Unlike Ethernet's "open" but "not public and not free" specifications, the specification documents of the Internet Protocol are truly open, truly public, and truly free. They were developed by a loose consortium of super-geeks working in academia, industry, and in government labs, funded by the Defense Advanced Research Projects Agency (DARPA) and openly published as RFCs, and are one of the most marvelous of human works of all time. DARPA has long since relinquished primary control of the Internet to the Internet Engineering Task Force (IETF) but the Internet remains as a shining proof that defense research can produce peaceful dividends. The RFC process itself has proved to be a tremendous contribution in its own right. It is a nearly perfect realization of a genetic optimization process that allows for evolutionary growth, and is the direct parent for hundreds of mailing lists and development groups that even today directly drive the technical development of the Internet and Open Source software such as Linux and FreeBSD.
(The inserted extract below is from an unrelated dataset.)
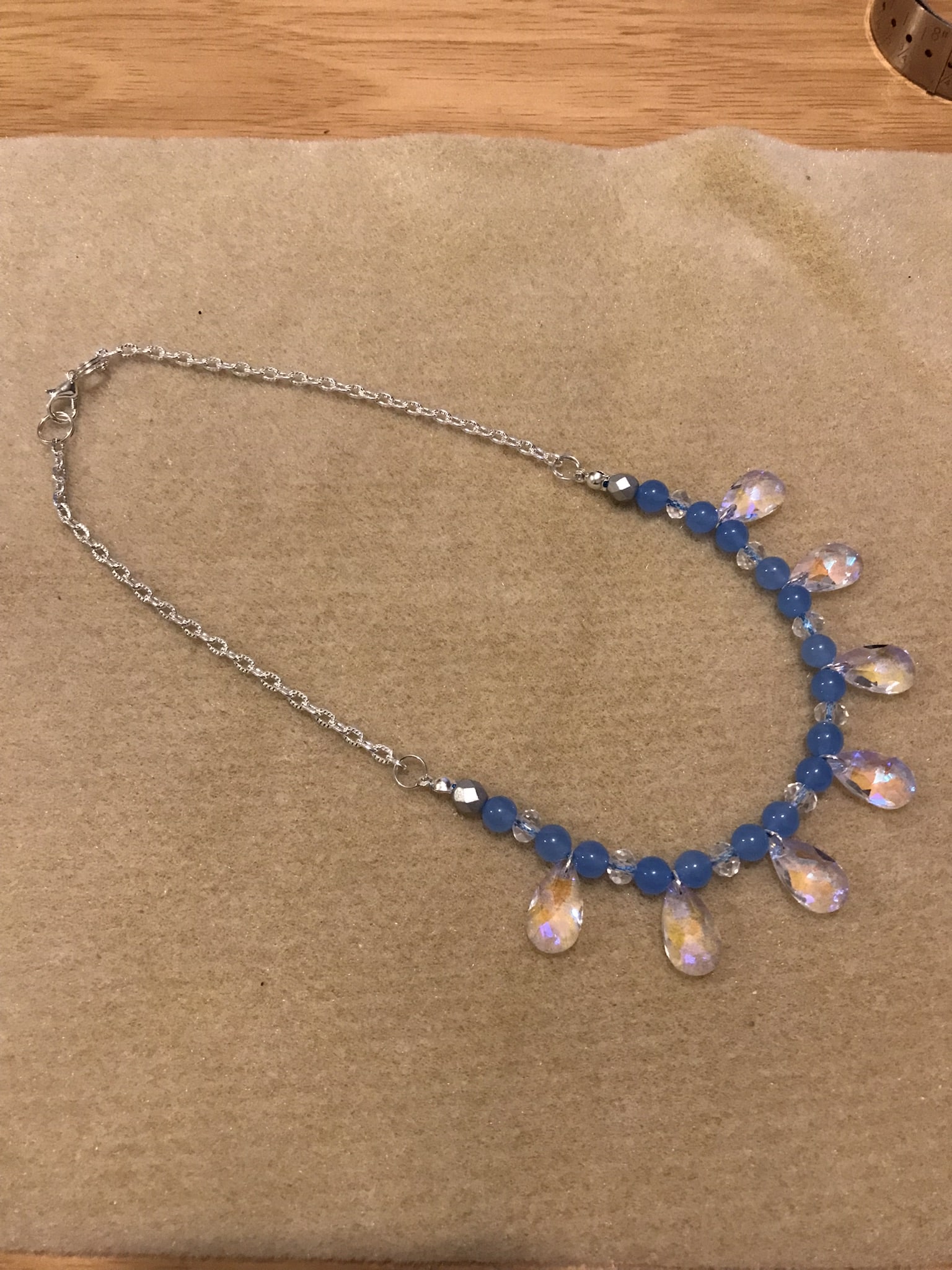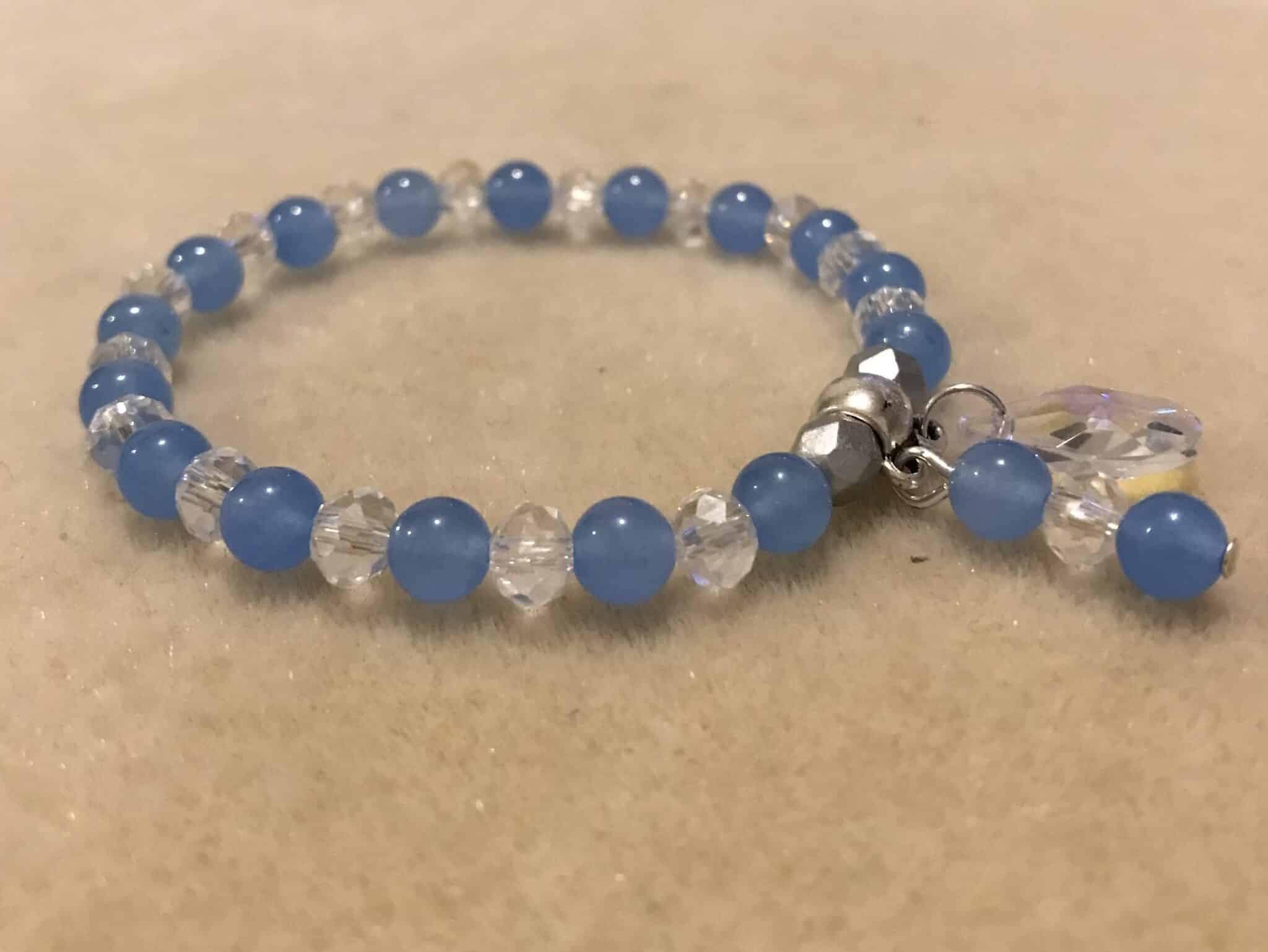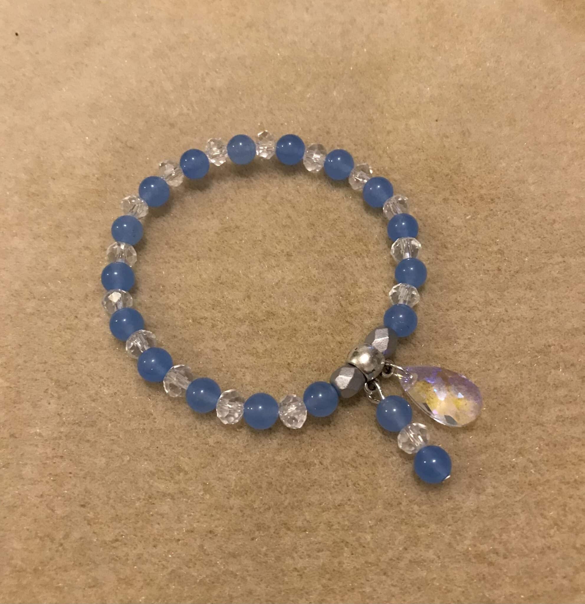 This set is made with 6mm gemstone cyan Malaysian Jade beads, 6mm clear crystal beads, 6mm silver Czech fire polished beads, crystal drops , silver plated hooks, chain, clasp, charm holder.

At this point a rather large fraction of the world's economy is derived from the network DARPA conceived and funded. Not even the much-touted space program has paid off its investment so overwhelmingly. Note that I'm using my bully pulpit to draw a harsh contrast between two competing "standards" paradigms -- IEEE's semi-closed process that ultimately yields intellectual property belonging to, blessed by and resold by the IEEE versus the fully open RFC process that leads to an openly and freely published standard specification. It is pretty clear which one I think is superior.

The particular RFC that originally specified IP itself is RFC 791 although there are others that govern (for example) the particular encapsulation of IP within Ethernet packets we are about to discuss and various extensions or modifications. All RFCs are readily available on the Internet where you can read them for free. The Resource sidebar has links to information should you wish to browse.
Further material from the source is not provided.